That is what they want *you* to think. An all pellet diet is just like an all seed diet, both diets are not good, and both diets will contribute to health problems. I give my birds Roudybush and Dr Macs organic pellets, but pellets only make up very little of my birds diet (about 20%) as they get sprouted seed, beans, legumes, and cooked/fresh vegetables, grains, mash, and a parrot blend. 

Something else you may want to try, sprouting seed. It is much more beneficial and much better then just pellets, or just seed. Here is an article on how to sprout seed as well as information about sprouting seed and how good it is for birds: http://www.landofvos.com/articles/sprouts.html I have 5 Cockatiels that I have not had for long, their diet was seed and vegetables a few times a week, I had put sprouts in their dish one day, an hour later, they had chowed it all down and had not left one bit, they loved it and have _never _even had it before. Now they enjoy their spouts for dinner every night!

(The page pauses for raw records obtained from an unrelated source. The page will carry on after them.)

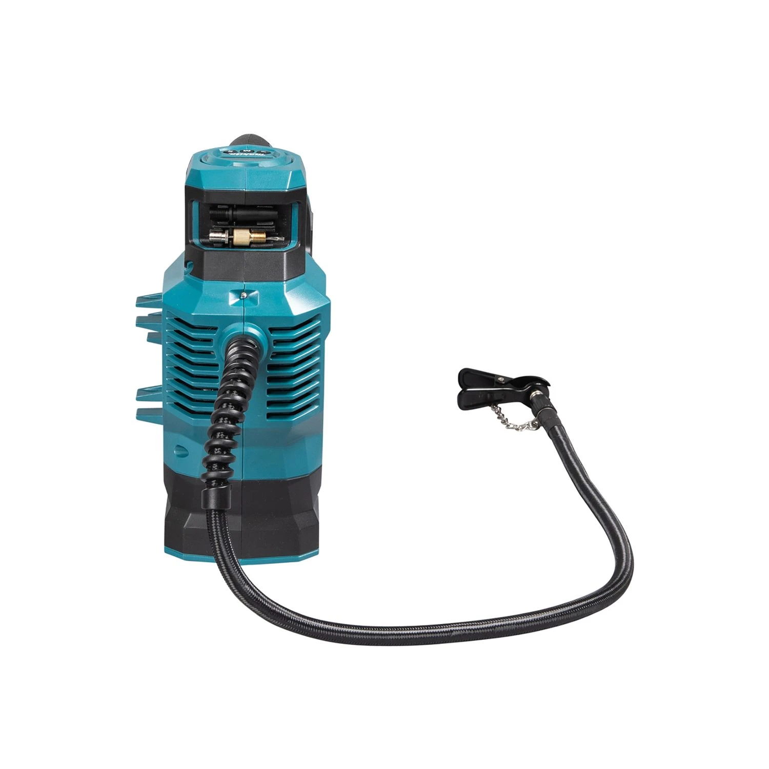 The Makita MP001GD103 40V 2.5Ah XGT Inflator Kit is ideal for professional mechanics and DIY enthusiasts. This cordless 40V inflator delivers impressive results that are equal to a corded machine. Three inflations are at your disposal with the highest able to give an air discharge amount of 24 litres/min. Weighing only 3.kg with the battery and featuring a long 65cm hose you will be able to access difficult to reach and tight areas. To protect the machine Makita have fitted a thermostat that is activated when the pump temperature increases. The ergonomic handle is soft grip to lessen fatigue over prolonged use. Sold as a kit that includes a 2.5Ah battery, a charger and sport ball needle adaptor.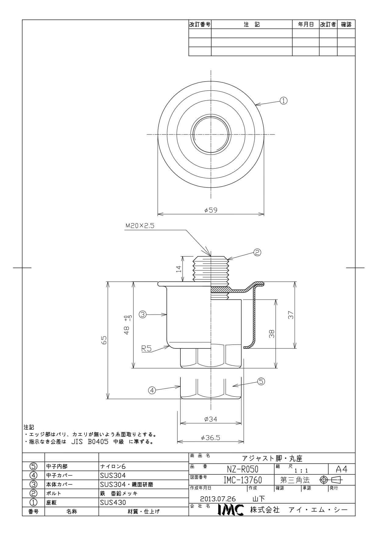 商品名:NZ-R050 新型丸座キャビネット脚 50mm M20ネジ込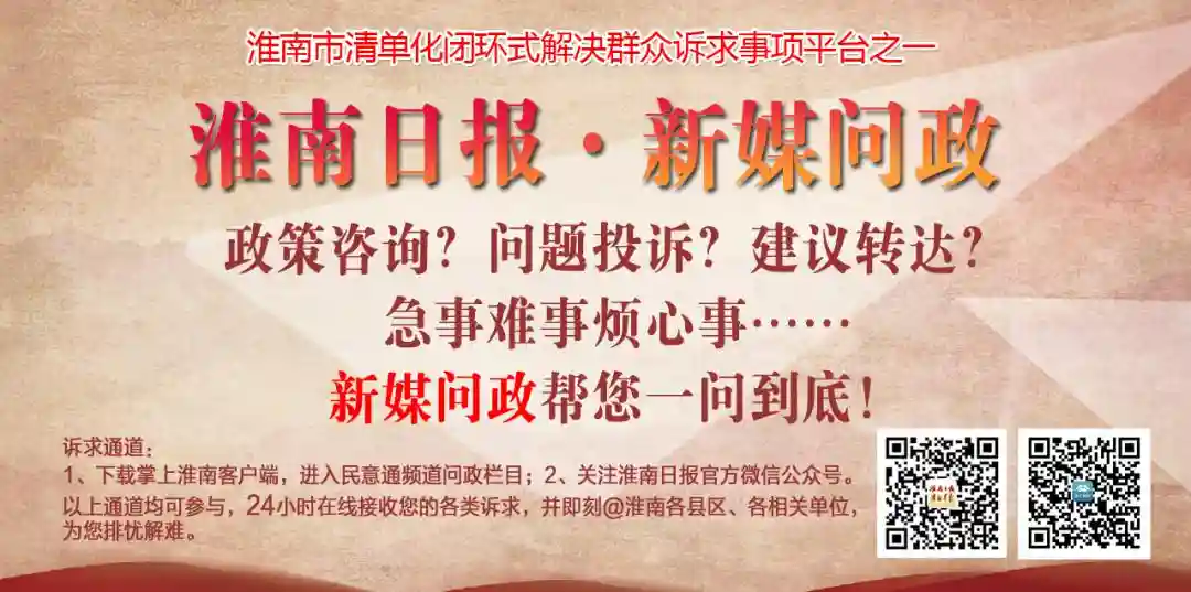 扫一扫下载掌上淮南客户端,进入民意通频道问政栏目;官方微信公众号。以上通道均可参与,24小时在线接收您的各类诉求,并即刻@淮南各县区、各相关单位,为您排忧解难。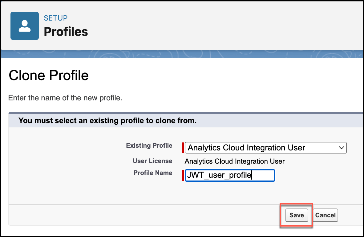2. Select Analytics Cloud Integration User as an Existing Profile to clone from, enter a new Profile Name, and click Save.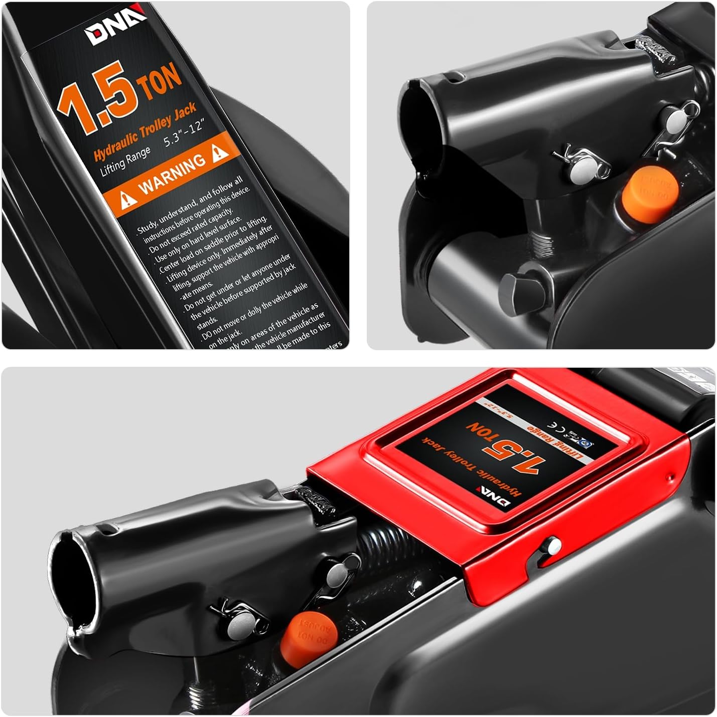 DNA MOTORING Low Profile Hydraulic Trolley Service/Floor Jack, 1.5 Ton (3000 lbs) Capacity, Lifting Range 5.3"-12", Black, TOOLS-00327-BK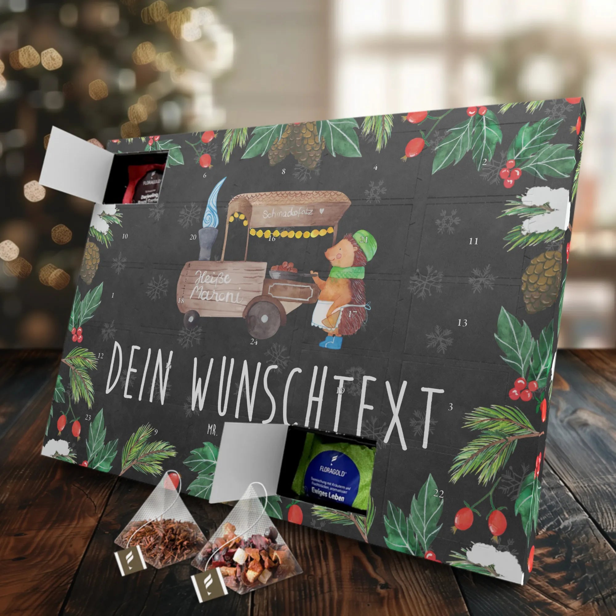 Der Adventskalender ist personaliserbar und lässt sich individuell mit deinem Wunschnamen oder einem ganz besonderen Text gestalten. Mit dem hübschen Igel, der in seinen blauen Stiefeln und dem grünen Schal vor dem Maronenstand steht, hast du nicht nur einen hübschen Blickfang, sondern auch eine liebevolle Erinnerung jeden Tag im Advent.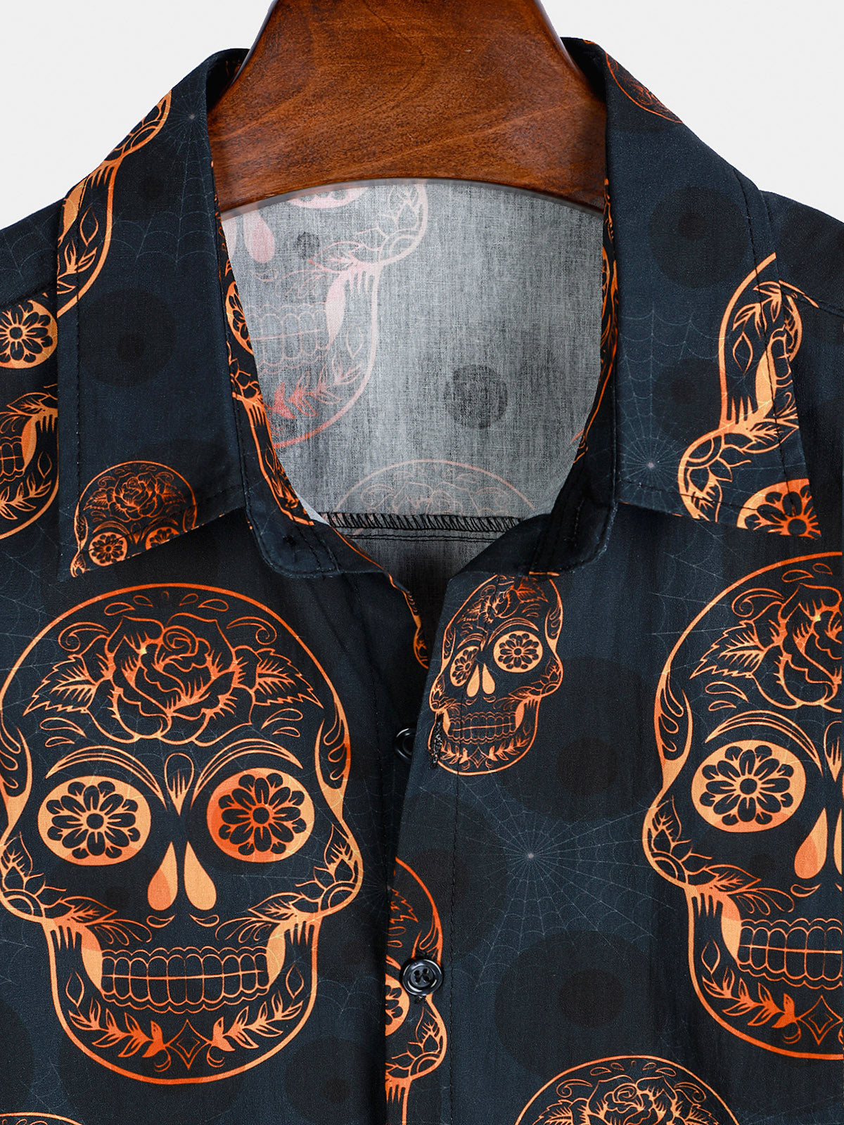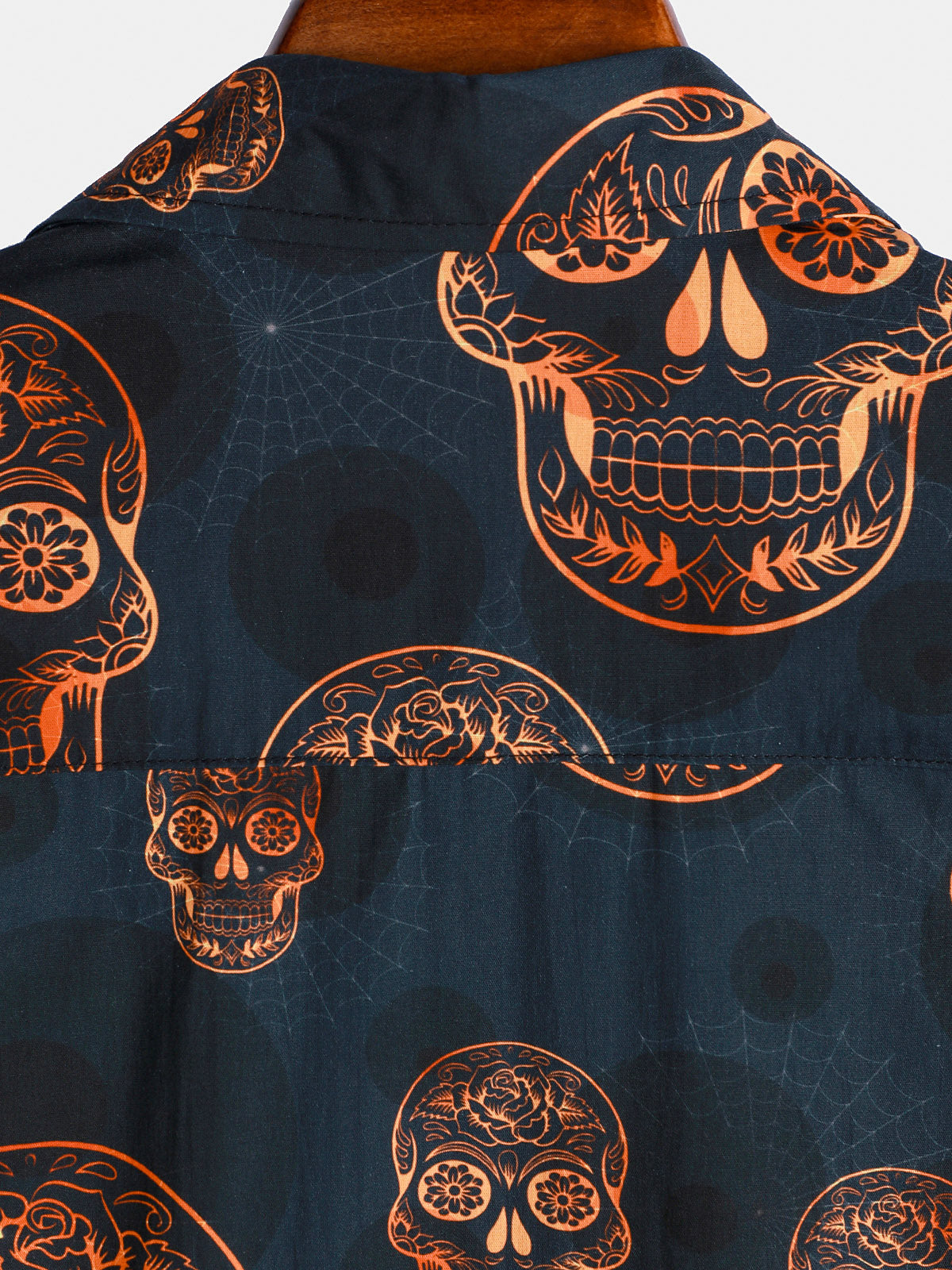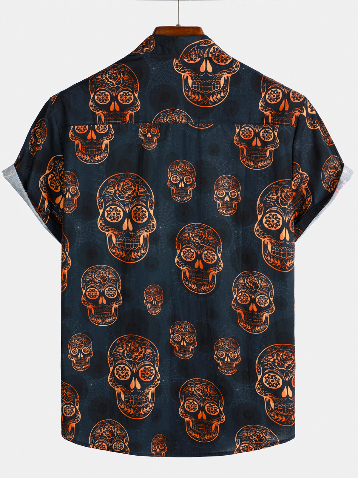 Chemise hawaïenne à manches courtes pour homme, motif tête de mort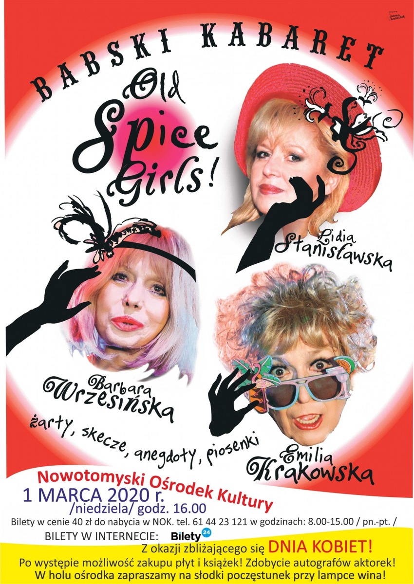 Śmiech przedłuża życie, zapewnia zdrowie i poprawia samopoczucie, stąd stały jego deficyt! Porcję szczerego śmiechu zapewni Państwu spektakl kabaretowy ”OLD SPICE GIRLS”, czyli Babski Kabaret. To kabaret z kobietami, dla kobiet i o kobietach, ale zapewne panowie również nie będą się nudzić. W rolach głównych występują: Lidia Stanisławska, Emilia Krakowska oraz Barbara Wrzesińska.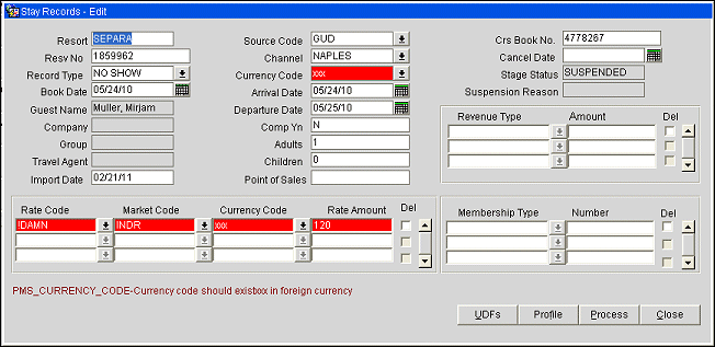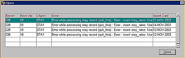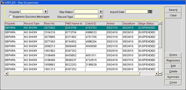 The Stay Suspension screen shows records that been rejected by OPERA. For example, a record may not be processed because the check in date is after the booking date. This screen also gives you access to the errors that occurred when processing records. Once you resolve the causes of the errors, you can resubmit the record directly from this screen by selecting Reprocess.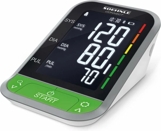 eteen na de meting verzendt Soehnle bovenarm-bloeddrukmeter Systo Monitor Connect 400 je actuele meetwaarden via Bluetooth? naar de Soehnle Connect-app. Zo heb je je persoonlijke meetwaarden altijd bij de hand. Je kunt ze zelfs in grafiekvorm aan je huisarts laten zien. Het is belangrijk dat je altijd op correcte meetresultaten kunt rekenen, daarom waarschuwt de handige ge?ntegreerde bewegingssensor bij verstorende armbewegingen.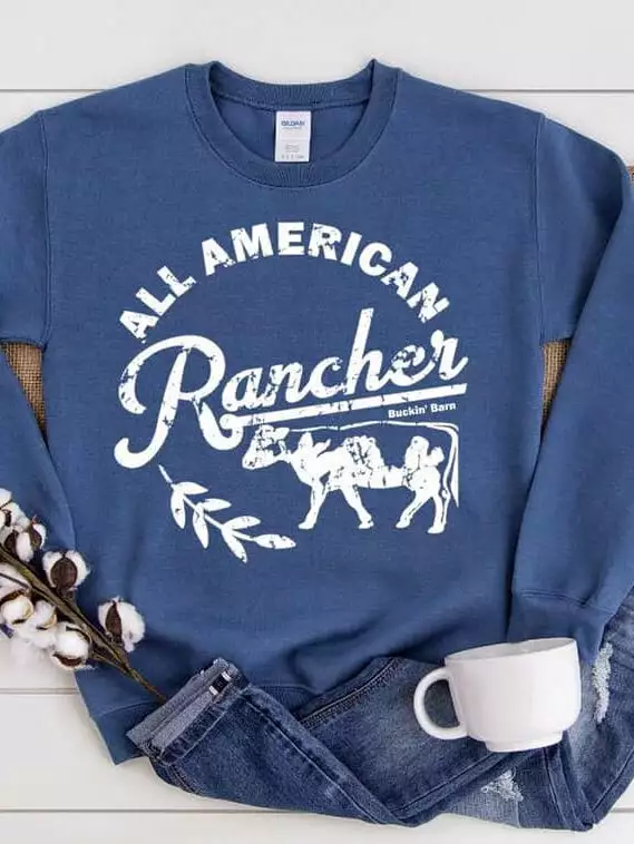 All American Rancher! We love supporting locals! This sweatshirt is designed by a small woman-owned business in Nevada! Make sure you support these local ranchers! This blue sweatshirt features a cow! It’s so simple, yet eye-catching. This will be my go-to sweatshirt for those chilly nights at the ranch and by a cozy fire! Pairs perfectly with your jeans or leggings!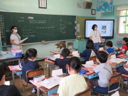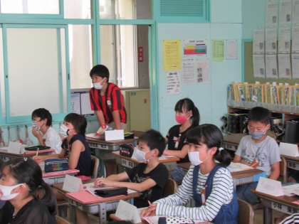5年生の外国語科です。6年生と同様に教科書を使っての授業になります。名前やすきものを伝える表現、語句を身につける学習が進んでいきます。3〜4年生の外国語活動とはちょっと違う雰囲気がありますね。昔なら中学1年生の内容ですよね。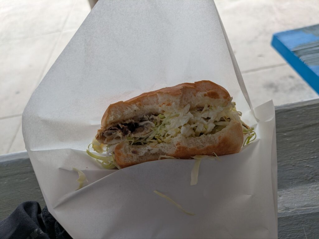 ただし、海風をモロに受けるので煽られないように注意してください。(関東で言えばアクアラインの千葉側、名古屋で言えば伊勢湾名港トリトン、関西で言えば四国との連絡橋のつもりで渡れば大丈夫かと)お昼は角島大橋のフィッシュバーガーを食べました。ゆっくり食べる予定でしたが、心変わりでこのまま別府まで行こうと思ったため早めに出るテイクアウトを選ぶことに。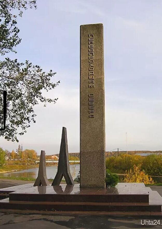 Первые места куда можно отправиться - это знак «Первопроходцам Севера» - именно сюда в начале 20 в. прибыла первая геологоразведовательная экспедиция, давшая старт началу освоения нефтедобычи на р. Ухта, развитию поселения (пос. Чибью - позже будет преобразован в город) и промышленному развитию всей Республике Коми!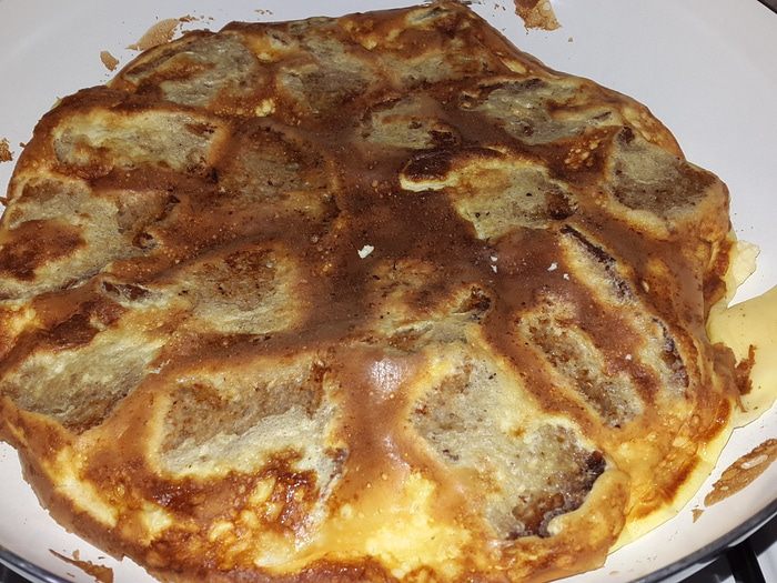 Перевернуть хлеб и залить яичной смесью, убавить огонь и накрыть крышкой.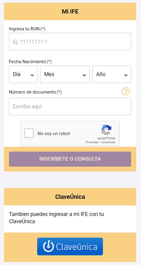 Rellena el formulario de "Mi IFE" con tus datos o ingresa al sistema con tu Clave Única.
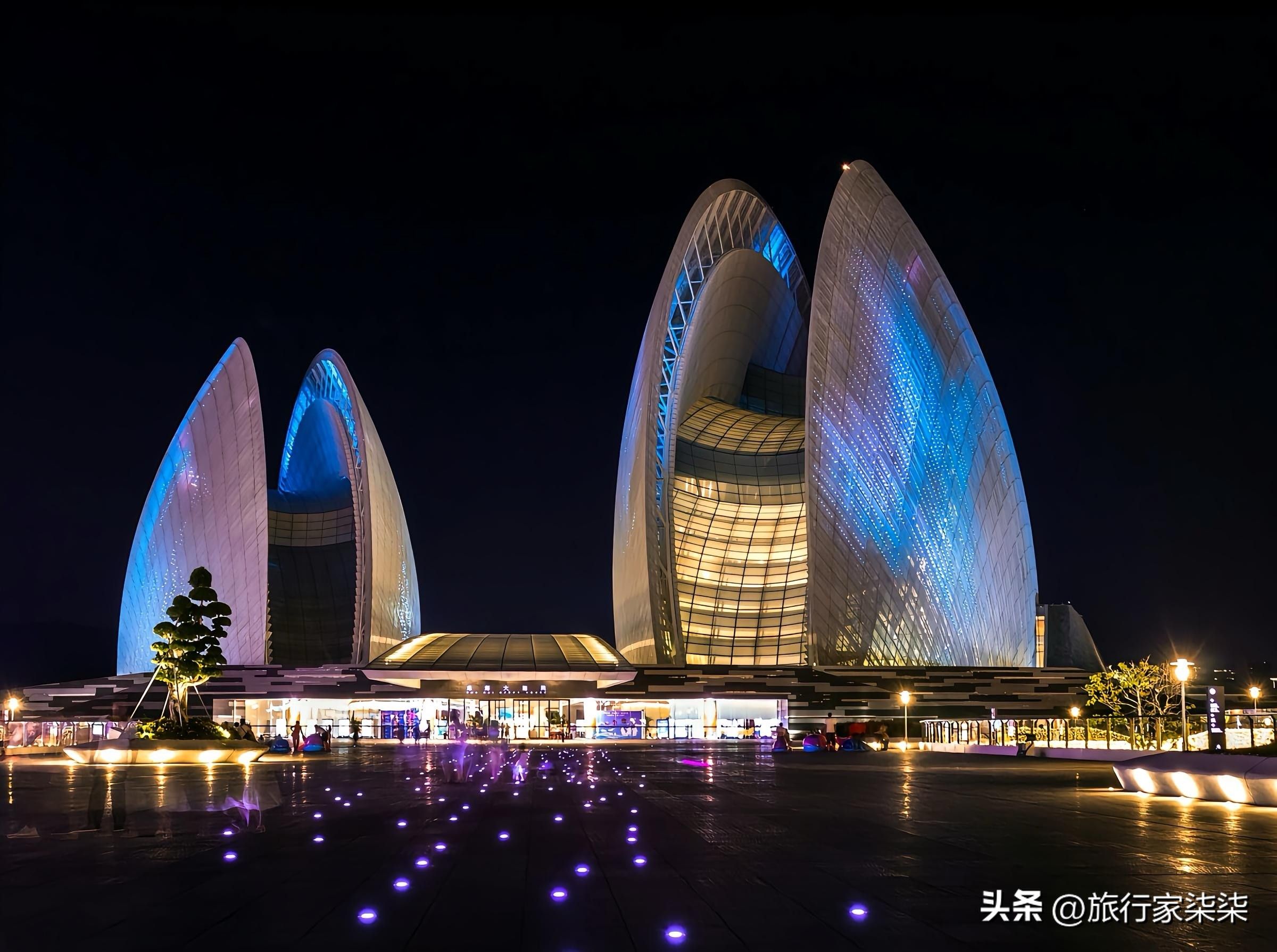 4. 珠海大剧院:中国唯一建在海岛上的歌剧院,以“日月贝”为造型,灯光秀夜景迷人,在野狸岛环岛步道可欣赏其绝美身姿,是拍照打卡的好去处。

A lot of people give up too quickly when it comes to trying to get their bird(s) to eat vegetables, the quicker you give up, the longer it will take when you try again later on, the key is to not give up and keep trying, sure it can take weeks, months, sometimes over a year, but it doesn't mean it won't happen and it is totally worth it! A helpful link you can read here: http://www.cockatielcottage.net/recipes.html


----------



## Annie (Nov 20, 2009)

Thanks Solace for your very detailed response. I wish you lived closer to me so I could just come steal sprouted seeds from you and I won't have to do it.  Okay, no more being lazy. I will get my act together and look into sprouting seeds and all. Thank you again.


----------



## Belinda (Oct 9, 2010)

My two love pellets too... any sort - Roudybush, Harrisons or Vetafarm. Piggy piggy piggy. I only give them a couple of teaspoons-full in their cage, and they have a selection of fresh veg, sprouts, grains and seed every few days. I prefer them to snack on the pellets all day and have other foods for main meals. They love pigging out on pellets, but that's nothing compared to the excitement that goes on around seed! It's like letting two kids loose in a candy store.


----------